**** Data extract ****

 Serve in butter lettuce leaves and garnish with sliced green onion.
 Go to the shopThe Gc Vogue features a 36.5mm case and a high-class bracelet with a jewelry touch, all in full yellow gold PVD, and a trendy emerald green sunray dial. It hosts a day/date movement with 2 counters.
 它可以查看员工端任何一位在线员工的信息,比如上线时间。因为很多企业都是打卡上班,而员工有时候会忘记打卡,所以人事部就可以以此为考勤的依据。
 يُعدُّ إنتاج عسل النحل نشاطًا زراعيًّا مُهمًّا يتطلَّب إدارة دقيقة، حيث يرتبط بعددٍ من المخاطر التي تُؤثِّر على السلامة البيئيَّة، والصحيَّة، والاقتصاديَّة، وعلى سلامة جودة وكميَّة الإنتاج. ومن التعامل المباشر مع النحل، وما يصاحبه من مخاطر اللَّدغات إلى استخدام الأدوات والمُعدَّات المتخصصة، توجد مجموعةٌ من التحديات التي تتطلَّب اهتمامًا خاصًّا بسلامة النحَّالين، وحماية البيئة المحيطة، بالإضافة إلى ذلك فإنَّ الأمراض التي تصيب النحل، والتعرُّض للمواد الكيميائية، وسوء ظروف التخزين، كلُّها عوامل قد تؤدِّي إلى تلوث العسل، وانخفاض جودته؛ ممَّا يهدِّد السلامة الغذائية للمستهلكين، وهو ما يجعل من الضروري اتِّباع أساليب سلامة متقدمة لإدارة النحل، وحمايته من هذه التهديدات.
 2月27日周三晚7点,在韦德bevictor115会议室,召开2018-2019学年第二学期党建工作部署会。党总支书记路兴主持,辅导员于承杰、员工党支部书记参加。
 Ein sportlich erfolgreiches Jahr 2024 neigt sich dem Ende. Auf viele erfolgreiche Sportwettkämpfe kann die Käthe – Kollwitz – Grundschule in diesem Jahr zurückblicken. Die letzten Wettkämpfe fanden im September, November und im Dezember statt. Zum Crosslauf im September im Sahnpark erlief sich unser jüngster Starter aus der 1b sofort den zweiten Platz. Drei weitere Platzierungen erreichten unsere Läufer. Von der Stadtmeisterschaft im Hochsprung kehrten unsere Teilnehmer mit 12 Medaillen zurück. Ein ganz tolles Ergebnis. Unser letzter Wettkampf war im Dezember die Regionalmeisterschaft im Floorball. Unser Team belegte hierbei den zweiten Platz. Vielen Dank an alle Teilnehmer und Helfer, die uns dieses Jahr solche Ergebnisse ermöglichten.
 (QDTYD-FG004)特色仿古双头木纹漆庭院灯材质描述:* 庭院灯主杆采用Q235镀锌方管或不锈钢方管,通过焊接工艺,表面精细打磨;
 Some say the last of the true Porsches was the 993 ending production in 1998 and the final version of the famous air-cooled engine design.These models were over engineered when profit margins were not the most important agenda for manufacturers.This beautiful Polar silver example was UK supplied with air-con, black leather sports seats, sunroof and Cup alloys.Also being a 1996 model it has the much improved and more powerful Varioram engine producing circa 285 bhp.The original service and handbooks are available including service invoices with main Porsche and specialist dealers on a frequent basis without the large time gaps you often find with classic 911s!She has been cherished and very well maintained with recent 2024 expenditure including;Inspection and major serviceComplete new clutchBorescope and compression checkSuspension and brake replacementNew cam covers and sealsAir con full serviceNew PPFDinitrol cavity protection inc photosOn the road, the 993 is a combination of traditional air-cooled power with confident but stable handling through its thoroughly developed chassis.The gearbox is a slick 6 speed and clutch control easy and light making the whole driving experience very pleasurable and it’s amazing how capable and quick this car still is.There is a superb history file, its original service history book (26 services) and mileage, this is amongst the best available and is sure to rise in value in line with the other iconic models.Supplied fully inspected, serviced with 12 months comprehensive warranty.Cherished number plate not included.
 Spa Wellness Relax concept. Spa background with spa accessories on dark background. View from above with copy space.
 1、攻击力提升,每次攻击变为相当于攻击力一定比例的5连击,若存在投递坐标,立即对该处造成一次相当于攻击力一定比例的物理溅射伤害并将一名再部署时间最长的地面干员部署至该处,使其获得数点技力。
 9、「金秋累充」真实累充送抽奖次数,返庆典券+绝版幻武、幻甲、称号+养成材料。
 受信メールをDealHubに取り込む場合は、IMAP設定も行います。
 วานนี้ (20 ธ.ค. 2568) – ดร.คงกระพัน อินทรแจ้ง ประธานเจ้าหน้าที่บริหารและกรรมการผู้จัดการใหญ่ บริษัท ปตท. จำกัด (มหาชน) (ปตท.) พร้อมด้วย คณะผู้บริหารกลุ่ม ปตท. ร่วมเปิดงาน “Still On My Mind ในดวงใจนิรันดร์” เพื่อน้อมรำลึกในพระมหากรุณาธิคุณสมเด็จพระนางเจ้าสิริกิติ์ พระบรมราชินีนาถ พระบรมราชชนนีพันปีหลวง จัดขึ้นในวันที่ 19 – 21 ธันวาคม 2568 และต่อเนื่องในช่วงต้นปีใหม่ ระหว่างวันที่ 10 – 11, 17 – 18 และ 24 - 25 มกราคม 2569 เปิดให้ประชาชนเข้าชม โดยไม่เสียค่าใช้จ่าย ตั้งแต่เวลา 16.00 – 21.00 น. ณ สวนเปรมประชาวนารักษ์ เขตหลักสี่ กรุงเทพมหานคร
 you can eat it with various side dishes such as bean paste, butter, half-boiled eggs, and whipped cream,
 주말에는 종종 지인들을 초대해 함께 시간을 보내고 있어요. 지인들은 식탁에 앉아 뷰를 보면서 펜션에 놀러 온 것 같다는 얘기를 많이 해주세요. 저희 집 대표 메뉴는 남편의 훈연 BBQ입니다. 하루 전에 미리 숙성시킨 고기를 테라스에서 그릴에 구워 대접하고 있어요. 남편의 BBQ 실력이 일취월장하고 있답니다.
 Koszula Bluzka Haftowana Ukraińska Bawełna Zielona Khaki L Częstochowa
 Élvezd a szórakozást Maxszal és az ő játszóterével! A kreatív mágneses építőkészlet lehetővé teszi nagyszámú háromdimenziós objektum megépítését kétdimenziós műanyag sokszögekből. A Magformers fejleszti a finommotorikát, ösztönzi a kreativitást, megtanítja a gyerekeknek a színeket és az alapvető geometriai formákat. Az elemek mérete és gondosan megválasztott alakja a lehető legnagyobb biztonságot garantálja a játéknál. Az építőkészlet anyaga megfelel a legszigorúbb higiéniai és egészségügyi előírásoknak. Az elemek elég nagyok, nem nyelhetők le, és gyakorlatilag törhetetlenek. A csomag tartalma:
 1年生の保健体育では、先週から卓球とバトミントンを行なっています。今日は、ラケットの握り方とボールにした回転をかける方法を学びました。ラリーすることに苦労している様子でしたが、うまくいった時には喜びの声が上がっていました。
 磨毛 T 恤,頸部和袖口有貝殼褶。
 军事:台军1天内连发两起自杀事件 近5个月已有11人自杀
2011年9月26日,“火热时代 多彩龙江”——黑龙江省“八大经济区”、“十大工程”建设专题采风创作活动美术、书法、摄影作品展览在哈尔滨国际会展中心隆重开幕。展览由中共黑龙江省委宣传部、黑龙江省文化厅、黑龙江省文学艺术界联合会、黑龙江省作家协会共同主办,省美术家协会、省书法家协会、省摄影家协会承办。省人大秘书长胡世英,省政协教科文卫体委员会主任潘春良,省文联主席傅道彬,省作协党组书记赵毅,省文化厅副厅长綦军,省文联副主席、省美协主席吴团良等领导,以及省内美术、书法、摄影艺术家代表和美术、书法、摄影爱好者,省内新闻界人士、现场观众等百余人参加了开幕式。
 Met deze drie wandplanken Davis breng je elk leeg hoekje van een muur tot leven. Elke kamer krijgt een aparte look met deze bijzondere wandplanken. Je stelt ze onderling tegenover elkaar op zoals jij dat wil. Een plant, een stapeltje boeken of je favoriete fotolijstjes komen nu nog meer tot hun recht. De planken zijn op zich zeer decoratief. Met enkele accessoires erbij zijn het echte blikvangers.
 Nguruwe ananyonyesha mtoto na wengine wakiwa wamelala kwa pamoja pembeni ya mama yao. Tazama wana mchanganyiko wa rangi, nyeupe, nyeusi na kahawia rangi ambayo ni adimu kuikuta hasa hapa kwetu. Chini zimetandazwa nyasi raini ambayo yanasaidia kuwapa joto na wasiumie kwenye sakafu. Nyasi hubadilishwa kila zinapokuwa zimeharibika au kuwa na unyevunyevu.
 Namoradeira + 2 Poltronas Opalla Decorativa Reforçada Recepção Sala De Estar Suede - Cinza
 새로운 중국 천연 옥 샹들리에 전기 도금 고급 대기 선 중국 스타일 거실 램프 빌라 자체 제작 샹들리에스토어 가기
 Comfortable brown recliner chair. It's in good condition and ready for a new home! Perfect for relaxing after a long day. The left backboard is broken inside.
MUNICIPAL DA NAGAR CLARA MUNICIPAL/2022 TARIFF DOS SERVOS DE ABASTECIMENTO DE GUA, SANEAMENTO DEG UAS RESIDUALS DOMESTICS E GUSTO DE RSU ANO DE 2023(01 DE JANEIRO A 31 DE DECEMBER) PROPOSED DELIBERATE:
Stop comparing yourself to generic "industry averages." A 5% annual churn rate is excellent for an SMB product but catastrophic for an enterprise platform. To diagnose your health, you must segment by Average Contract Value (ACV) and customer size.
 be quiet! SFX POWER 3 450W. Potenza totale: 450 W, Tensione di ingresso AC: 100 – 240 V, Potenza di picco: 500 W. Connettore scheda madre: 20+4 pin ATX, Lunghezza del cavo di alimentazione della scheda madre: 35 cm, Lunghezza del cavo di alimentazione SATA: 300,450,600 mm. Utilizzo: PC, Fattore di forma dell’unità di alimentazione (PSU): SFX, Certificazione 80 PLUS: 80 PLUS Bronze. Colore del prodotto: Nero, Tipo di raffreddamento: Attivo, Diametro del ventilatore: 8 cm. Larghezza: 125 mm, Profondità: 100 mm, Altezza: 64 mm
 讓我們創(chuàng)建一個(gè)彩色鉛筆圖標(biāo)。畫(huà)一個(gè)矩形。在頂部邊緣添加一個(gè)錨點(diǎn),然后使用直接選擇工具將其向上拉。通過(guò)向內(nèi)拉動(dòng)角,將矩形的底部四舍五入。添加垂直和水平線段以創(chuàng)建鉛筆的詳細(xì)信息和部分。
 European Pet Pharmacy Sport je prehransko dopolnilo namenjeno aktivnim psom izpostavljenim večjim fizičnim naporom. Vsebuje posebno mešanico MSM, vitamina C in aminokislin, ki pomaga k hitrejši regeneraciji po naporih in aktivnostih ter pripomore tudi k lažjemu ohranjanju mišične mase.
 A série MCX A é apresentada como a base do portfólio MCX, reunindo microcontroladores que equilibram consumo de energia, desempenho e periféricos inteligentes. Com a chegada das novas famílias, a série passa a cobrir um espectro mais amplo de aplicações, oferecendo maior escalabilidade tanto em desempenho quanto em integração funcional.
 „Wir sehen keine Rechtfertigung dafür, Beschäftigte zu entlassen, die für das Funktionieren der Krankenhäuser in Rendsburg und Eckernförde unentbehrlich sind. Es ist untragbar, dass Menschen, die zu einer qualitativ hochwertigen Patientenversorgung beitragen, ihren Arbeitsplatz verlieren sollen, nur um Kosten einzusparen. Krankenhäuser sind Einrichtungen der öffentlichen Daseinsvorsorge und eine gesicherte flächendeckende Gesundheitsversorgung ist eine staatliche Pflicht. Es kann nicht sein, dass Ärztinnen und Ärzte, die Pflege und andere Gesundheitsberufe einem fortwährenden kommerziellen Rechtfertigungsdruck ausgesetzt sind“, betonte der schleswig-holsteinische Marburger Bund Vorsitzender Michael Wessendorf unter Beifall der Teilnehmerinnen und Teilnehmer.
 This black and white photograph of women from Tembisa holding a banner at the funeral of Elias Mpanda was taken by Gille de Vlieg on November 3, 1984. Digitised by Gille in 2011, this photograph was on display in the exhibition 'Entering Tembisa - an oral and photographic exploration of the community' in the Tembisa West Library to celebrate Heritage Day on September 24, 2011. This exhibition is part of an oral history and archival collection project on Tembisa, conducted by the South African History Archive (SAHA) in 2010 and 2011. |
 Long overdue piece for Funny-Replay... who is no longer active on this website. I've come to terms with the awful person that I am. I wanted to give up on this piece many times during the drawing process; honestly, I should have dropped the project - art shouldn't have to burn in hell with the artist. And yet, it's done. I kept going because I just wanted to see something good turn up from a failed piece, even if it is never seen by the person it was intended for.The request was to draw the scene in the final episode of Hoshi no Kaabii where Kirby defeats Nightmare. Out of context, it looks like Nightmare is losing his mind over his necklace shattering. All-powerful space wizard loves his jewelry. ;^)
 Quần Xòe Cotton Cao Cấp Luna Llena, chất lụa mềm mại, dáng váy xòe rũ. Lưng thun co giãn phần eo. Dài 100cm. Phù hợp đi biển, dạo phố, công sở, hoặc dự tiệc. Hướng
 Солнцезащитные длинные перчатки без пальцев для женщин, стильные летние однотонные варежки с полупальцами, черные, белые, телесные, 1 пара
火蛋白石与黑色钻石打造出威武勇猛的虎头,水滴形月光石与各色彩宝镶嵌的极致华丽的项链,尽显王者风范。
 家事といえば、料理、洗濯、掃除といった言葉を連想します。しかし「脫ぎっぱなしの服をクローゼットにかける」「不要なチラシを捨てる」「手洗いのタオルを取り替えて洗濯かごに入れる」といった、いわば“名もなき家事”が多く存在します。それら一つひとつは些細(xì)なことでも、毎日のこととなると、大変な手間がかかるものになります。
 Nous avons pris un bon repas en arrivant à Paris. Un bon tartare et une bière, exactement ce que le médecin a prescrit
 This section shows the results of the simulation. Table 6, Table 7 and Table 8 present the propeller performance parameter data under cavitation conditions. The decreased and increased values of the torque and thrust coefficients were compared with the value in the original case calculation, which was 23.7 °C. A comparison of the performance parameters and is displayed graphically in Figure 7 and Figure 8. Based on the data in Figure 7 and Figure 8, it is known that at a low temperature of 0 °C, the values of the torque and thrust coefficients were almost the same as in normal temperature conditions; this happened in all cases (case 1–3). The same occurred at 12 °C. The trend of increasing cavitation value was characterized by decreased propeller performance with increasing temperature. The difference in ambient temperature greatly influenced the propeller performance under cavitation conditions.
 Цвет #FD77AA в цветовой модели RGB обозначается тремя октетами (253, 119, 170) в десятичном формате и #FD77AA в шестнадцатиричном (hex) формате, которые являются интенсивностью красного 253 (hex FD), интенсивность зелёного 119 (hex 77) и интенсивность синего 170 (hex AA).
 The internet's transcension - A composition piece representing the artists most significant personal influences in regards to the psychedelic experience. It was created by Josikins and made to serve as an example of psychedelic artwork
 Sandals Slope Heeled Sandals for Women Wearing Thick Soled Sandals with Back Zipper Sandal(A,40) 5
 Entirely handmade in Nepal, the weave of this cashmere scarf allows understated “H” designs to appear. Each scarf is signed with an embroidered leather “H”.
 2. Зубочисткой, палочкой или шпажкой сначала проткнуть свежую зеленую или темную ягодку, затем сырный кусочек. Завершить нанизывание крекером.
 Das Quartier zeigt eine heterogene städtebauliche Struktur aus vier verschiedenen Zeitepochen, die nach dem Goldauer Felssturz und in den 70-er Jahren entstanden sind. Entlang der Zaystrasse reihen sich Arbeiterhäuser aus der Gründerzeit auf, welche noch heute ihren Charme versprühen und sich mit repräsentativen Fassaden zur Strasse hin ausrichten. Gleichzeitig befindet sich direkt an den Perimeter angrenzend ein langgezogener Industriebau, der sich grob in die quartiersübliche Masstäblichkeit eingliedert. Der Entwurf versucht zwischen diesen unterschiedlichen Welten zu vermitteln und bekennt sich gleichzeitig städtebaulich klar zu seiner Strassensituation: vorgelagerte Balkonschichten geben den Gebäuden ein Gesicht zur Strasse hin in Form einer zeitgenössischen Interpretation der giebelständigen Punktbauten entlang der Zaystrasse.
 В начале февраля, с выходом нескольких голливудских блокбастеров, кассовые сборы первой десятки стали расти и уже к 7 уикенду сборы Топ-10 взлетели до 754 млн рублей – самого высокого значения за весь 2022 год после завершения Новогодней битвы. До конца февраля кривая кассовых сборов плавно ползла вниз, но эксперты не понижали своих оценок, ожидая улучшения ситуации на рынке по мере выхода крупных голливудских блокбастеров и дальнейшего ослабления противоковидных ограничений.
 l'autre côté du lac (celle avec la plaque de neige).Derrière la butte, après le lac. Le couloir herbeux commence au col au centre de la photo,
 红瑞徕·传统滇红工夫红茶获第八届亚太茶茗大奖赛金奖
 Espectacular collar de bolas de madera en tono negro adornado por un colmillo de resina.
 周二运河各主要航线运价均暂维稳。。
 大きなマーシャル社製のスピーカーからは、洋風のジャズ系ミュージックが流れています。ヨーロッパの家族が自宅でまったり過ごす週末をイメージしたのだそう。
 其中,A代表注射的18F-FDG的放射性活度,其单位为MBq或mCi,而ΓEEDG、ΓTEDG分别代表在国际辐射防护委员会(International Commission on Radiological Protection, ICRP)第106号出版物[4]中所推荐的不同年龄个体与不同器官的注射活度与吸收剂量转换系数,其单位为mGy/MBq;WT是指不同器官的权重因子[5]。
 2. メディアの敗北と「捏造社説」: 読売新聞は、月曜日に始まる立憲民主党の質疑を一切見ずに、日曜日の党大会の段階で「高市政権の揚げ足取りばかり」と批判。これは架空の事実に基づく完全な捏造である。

****

Give only the lines from the one holding "Comfortable brown recliner" through the one holding "讓我們創(chuàng)建一", each restated exactly as it appears above.

• [Task response]
 Comfortable brown recliner chair. It's in good condition and ready for a new home! Perfect for relaxing after a long day. The left backboard is broken inside.
MUNICIPAL DA NAGAR CLARA MUNICIPAL/2022 TARIFF DOS SERVOS DE ABASTECIMENTO DE GUA, SANEAMENTO DEG UAS RESIDUALS DOMESTICS E GUSTO DE RSU ANO DE 2023(01 DE JANEIRO A 31 DE DECEMBER) PROPOSED DELIBERATE:
Stop comparing yourself to generic "industry averages." A 5% annual churn rate is excellent for an SMB product but catastrophic for an enterprise platform. To diagnose your health, you must segment by Average Contract Value (ACV) and customer size.
 be quiet! SFX POWER 3 450W. Potenza totale: 450 W, Tensione di ingresso AC: 100 – 240 V, Potenza di picco: 500 W. Connettore scheda madre: 20+4 pin ATX, Lunghezza del cavo di alimentazione della scheda madre: 35 cm, Lunghezza del cavo di alimentazione SATA: 300,450,600 mm. Utilizzo: PC, Fattore di forma dell’unità di alimentazione (PSU): SFX, Certificazione 80 PLUS: 80 PLUS Bronze. Colore del prodotto: Nero, Tipo di raffreddamento: Attivo, Diametro del ventilatore: 8 cm. Larghezza: 125 mm, Profondità: 100 mm, Altezza: 64 mm
 讓我們創(chuàng)建一個(gè)彩色鉛筆圖標(biāo)。畫(huà)一個(gè)矩形。在頂部邊緣添加一個(gè)錨點(diǎn),然后使用直接選擇工具將其向上拉。通過(guò)向內(nèi)拉動(dòng)角,將矩形的底部四舍五入。添加垂直和水平線段以創(chuàng)建鉛筆的詳細(xì)信息和部分。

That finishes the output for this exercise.